Well, I spoke too soon -- even the jails that don't rely on avahi/mDNS only worked normally for a short time after I changed them over to shared IP. None of my Plex devices can see the Plex server, and my Unifi access point controller won't load in a browser. Additionally, I have all the hostnames on my LAN mapped to their respective IPs, and none of those will resolve for the shared IP jails anymore either. All of this works fine if I switch back to VNET, just with the potential for system crashes.

So I guess more generally: what is it about the shared IP configuration that makes the jails' network access so much more limited and is there a way to expose all the same features as in a VNET scenario to make all this work again?


----------



## SirDice (Aug 5, 2019)

Don't assign the jail addresses to em0. Don't assign an IP address to em0 at all. Mixing an IP address on a physical interface (em0) and attaching a bridge(4) doesn't work like you think it does. The bridge(4) interface hooks into the network stack much higher than you expect causing strange results.


----------



## floogs (Aug 5, 2019)

Thanks for the response. iocage does expect you to give an interface to attach to when you specify the IP for the jail, so I guess I misinterpreted the documentation and set each one to the physical adapter (as I said I'm pretty inexperienced with this sort of networking).

Which interface would be the appropriate one to assign the jail IPs to? Is a bridge for each jail the right way to go? If so, do I need to create a separate bridge for each jail or one common one among all of them?

If there's a more general guide to networking you'd recommend reading so I can get a better general understanding of how this works, rather than answering a bunch of specific questions, please let me know.


----------



## abishai (Aug 5, 2019)

SirDice said:


> Don't assign the jail addresses to em0


Why not? If jails have ip from the very subnet as em0, it's perfect solution. Attach em0 with assigned IP to bridge is not a criminal as well. It will work. Jails without network stack wont receive multicasts, so zero configuration and discovery will not work.
floogs Are you using pf firewall inside your VNET jails ? If you still on 11 branch, I know the patch that will fix panics.


----------



## SirDice (Aug 6, 2019)

abishai said:


> Why not?


Because of the bridge(4).



abishai said:


> If jails have ip from the very subnet as em0, it's perfect solution.

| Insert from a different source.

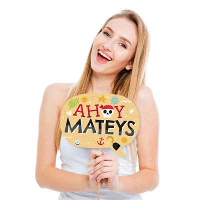 10-Piece Funny Pirate Ship Adventures Photo Booth Props Kit INCLUDES 10 Ahoy Matey Skull arrow and speech bubble photo booth props, 10 sticks and stickers for assembly. EASY ASSEMBLY: Simply attach the printed DIY photo booth props to the sticks with included reinforcing stickers. PERFECT FOR ANY CROWD! Photo booth props are fun Birthday Party supplies for adults and kids – everyone will love the funny sayings on these Pirate Ship Adventures photo booth props. Take entertaining and shareable party photos while making memories with these funny photo booth props! AHOY MATEY SKULL PARTY DECORATIONS: Many fun ways to use these cute photo booth props! Use as intended and take party photos to share; Add them to vases and floral arrangements as a fun party centerpiece; Accent your Pirate Ship Adventures candy buffet by displaying them in apothecary candy jars; Adhere as direction arrows to walls and your guests to the Birthday Party! HIGH-QUALITY: Pirate Ship Adventures photo booth props are professionally printed on thick cardstock paper. They will arrive cut out and ready to assemble with the included sticks and stickers. MADE IN THE USA: Funny Pirate Ship Adventures – Party Photo Booth Props Kit is designed and manufactured at our Wisconsin facility using materials that are Made in America.

It is. But not if it's tied to a bridge(4). Like I said, there's something counter-intuitive here.

Ran into a similar issue when I had my management IP attached to igb0 (in my case) and a bunch of VMs tied to a bridge(4) which was also tied to igb0. Fairly straight-forward, or so I thought. It worked better when I removed the IP address from igb0 and moved it to the bridge(4). But I still had weird connectivity issues. In the end I designated a _different_ interface (igb1) as the management interface and removed any and all IP settings from igb0 and the bridge.


----------